The right is attempting to draw new distinctions.
So what are the philosophical distinctions that separate behavior that the government can compel, say, for example, non-bigotry racially from behavior the government cannot compel, say, religious behavior?
And so Brett Kavanaugh is trying to draw a distinction based on the kind of services that are provided.
So the idea here is that you violate Antony.
If you're a religious person, And you run a restaurant, and you decide as a restaurant that you just don't want to serve same-sex couples.
Is that discrimination?
Brett Kavanaugh would say yes, but if you are running a website that involves inherently creative service, these are very, very wavery lines.
As the left correctly points out, it is a wavery line.
The person who runs the restaurant undoubtedly believes they are engaging in a creative activity.
That is why they are engaged in the restaurant business.
If you're a jeweler and you make special jewelry for people, how is that wildly different from making special websites for people?
This is a very vague distinction that Brett Kavanaugh is attempting to draw.
I understand why he's attempting to do it, because he's attempting to redraw some sort of line that protects religious freedom.
But again, the history of American law suggests that the obliteration has already been done.
It's just a matter of how far the obliteration is going to go and how long it's going to take to get there.
Justice Neil Gorsuch focused on the difference between a client's message and that of the designer.
Gorsuch said, that's at the heart of this, is expressing the maker's point of view versus the couple's point of view.
So, is there a difference between, for example, serving a gay couple at a restaurant when they're not actually asking you to bake a cake for them, or baking a cake for them, right?
That's what Gorsuch is focused in on.
Amy Coney Barrett said, it's about the message, not about the sexuality of the couple.
So again, focusing in on sort of the message.
Samuel Alito says there's a difference between discrimination based on race versus sexual orientation, which is the actual correct answer here.
That goes back to the original obliteration that we talked about, the distinction between immutable characteristics and behavior that we have completely destroyed in our society.
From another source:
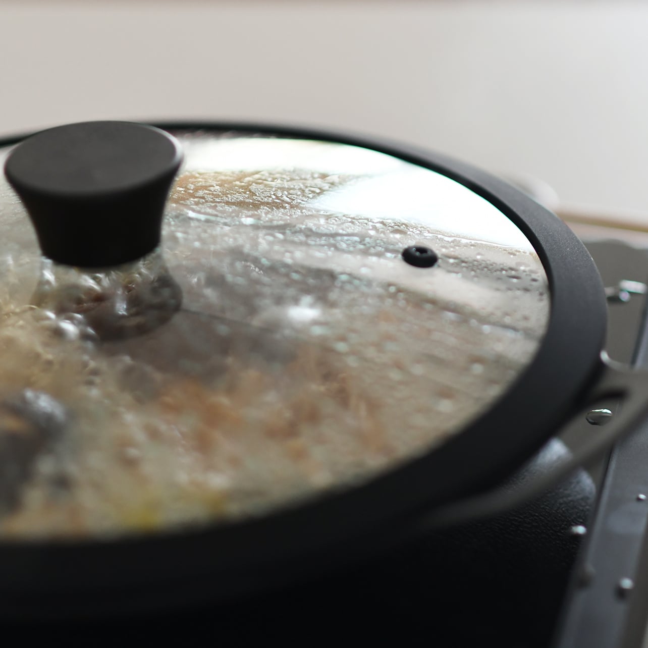 また、専用ふたはガラス製です。ガラスのふたは中身が見えるので、ふたを開けずに調理具合の確認ができて便利です。
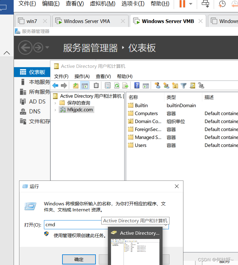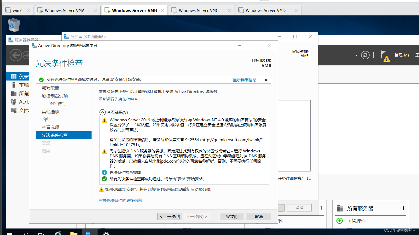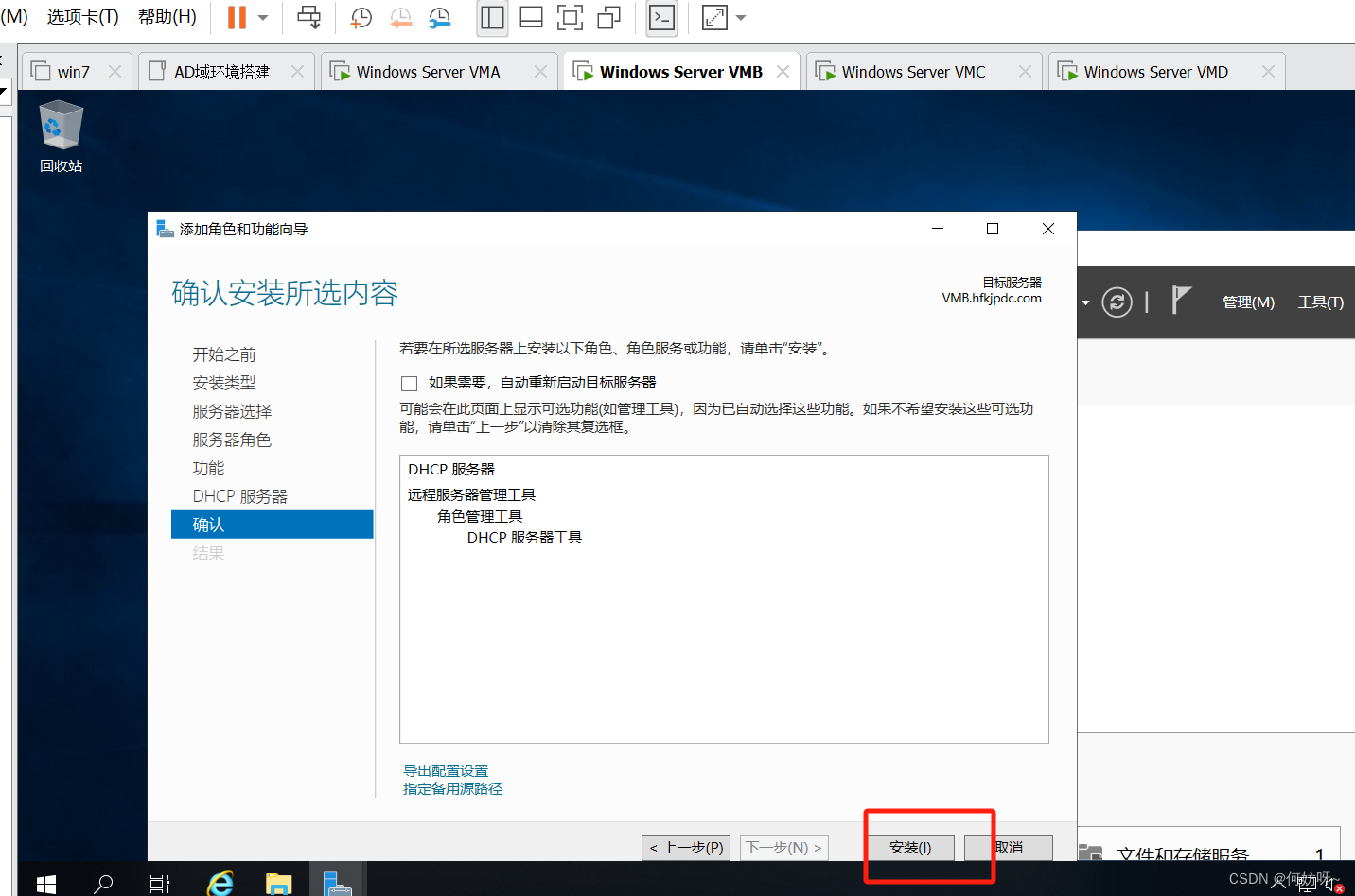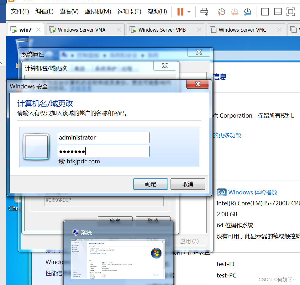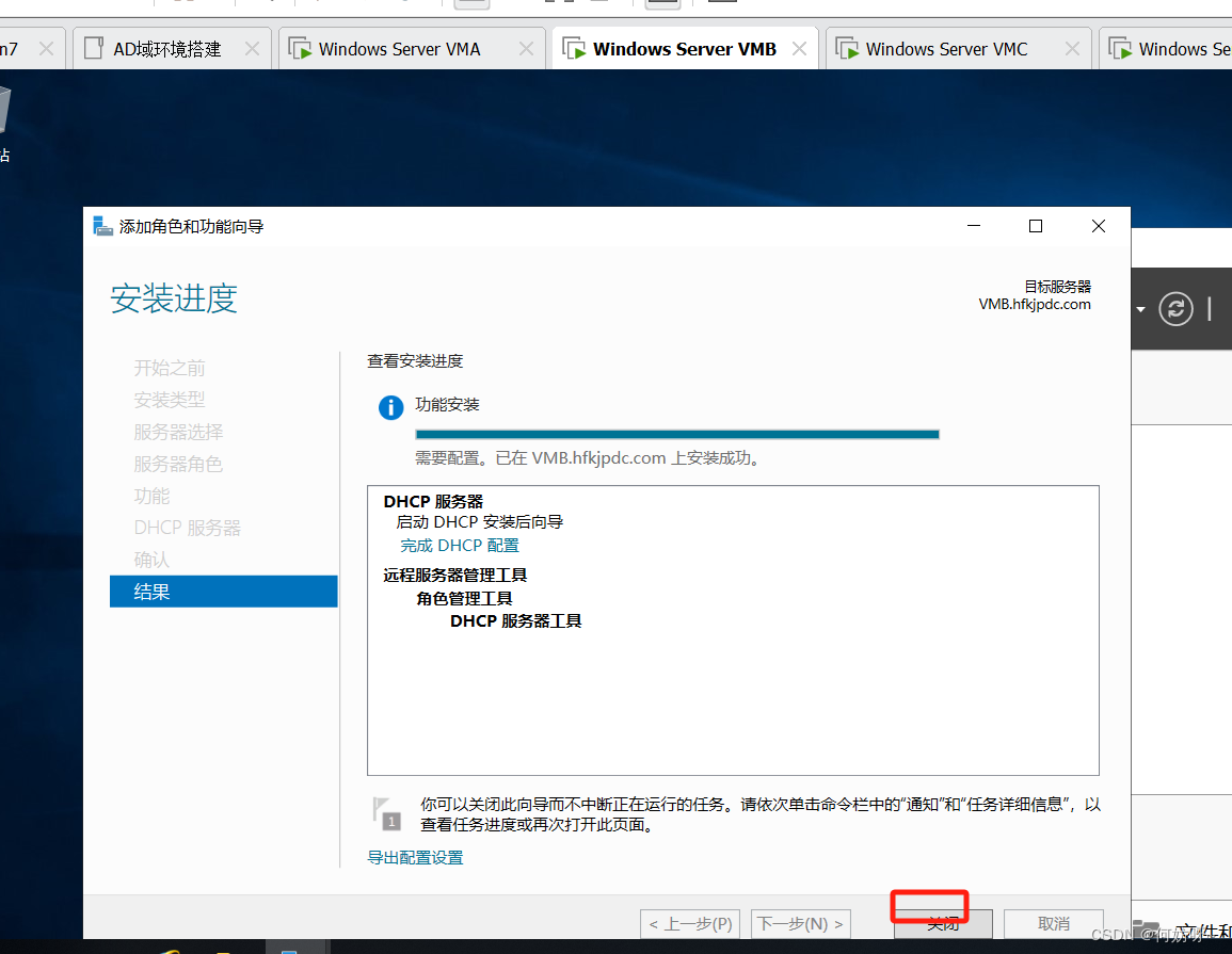 1、将VMB域控添加到现有域,输入域名hfkjpdc.com,并且输入现有权限添加域控的账户hfkjpdc\administrator密码。

But the reason these issues are being turned over in the first place is because of a grand constitutional violations that have taken place over the course of decades to completely redraw the balance between government and the individual.
That is why we are here.
Can you have imagined decades, forget decades ago, one decade ago, Would it be possible to imagine?
I did, because I suggested this was going to happen when the left enshrined same-sex marriage.
I wrote columns about this, saying this is exactly what was going to happen as early as 2012-2013.
Ten years ago, when you said to people, guys, if same-sex marriage becomes the law of the land, the next thing that will happen is an attempt to compel individuals to violate their own precepts.
And to celebrate behavior.
People are like, no, we don't want that.
Again, part of the slippery slope that was essentially inevitable from about the 1990s.
The slippery slope that went from leave us alone in our houses, to we want civil unions, to we want same-sex marriage, to we want to indoctrinate your children that all forms of sexual behavior are equivalent, and you have to celebrate this in your own personal life and business.
That slippery slope was pretty much inevitable, and some of us could see it coming and predicted it.
But that is where we currently are.
There's a piece in the New York Times that lays out full scale what exactly the left would like on this.
The National Legal Director of the ACLU, David Kohl, this just shows you, by the way, the hollowing out of the ACLU.
The ACLU, the American Civil Liberties Union.
It was about civil liberties, about civil rights, about freedom of speech, freedom of religion.
The ACLU, the same people who said that the Nazis had a right to march through Skokie, Illinois, right?
A very Jewish area.
They had a right to march there because that's what freedom of speech is all about.
Now the ACLU says, essentially, you must be forced to celebrate.
Quote, can an artist be compelled to create a website for an event she does not condone?
That's the question the Supreme Court has said it will take up on Monday.
The answer would seem to be obviously no, but that's the wrong question.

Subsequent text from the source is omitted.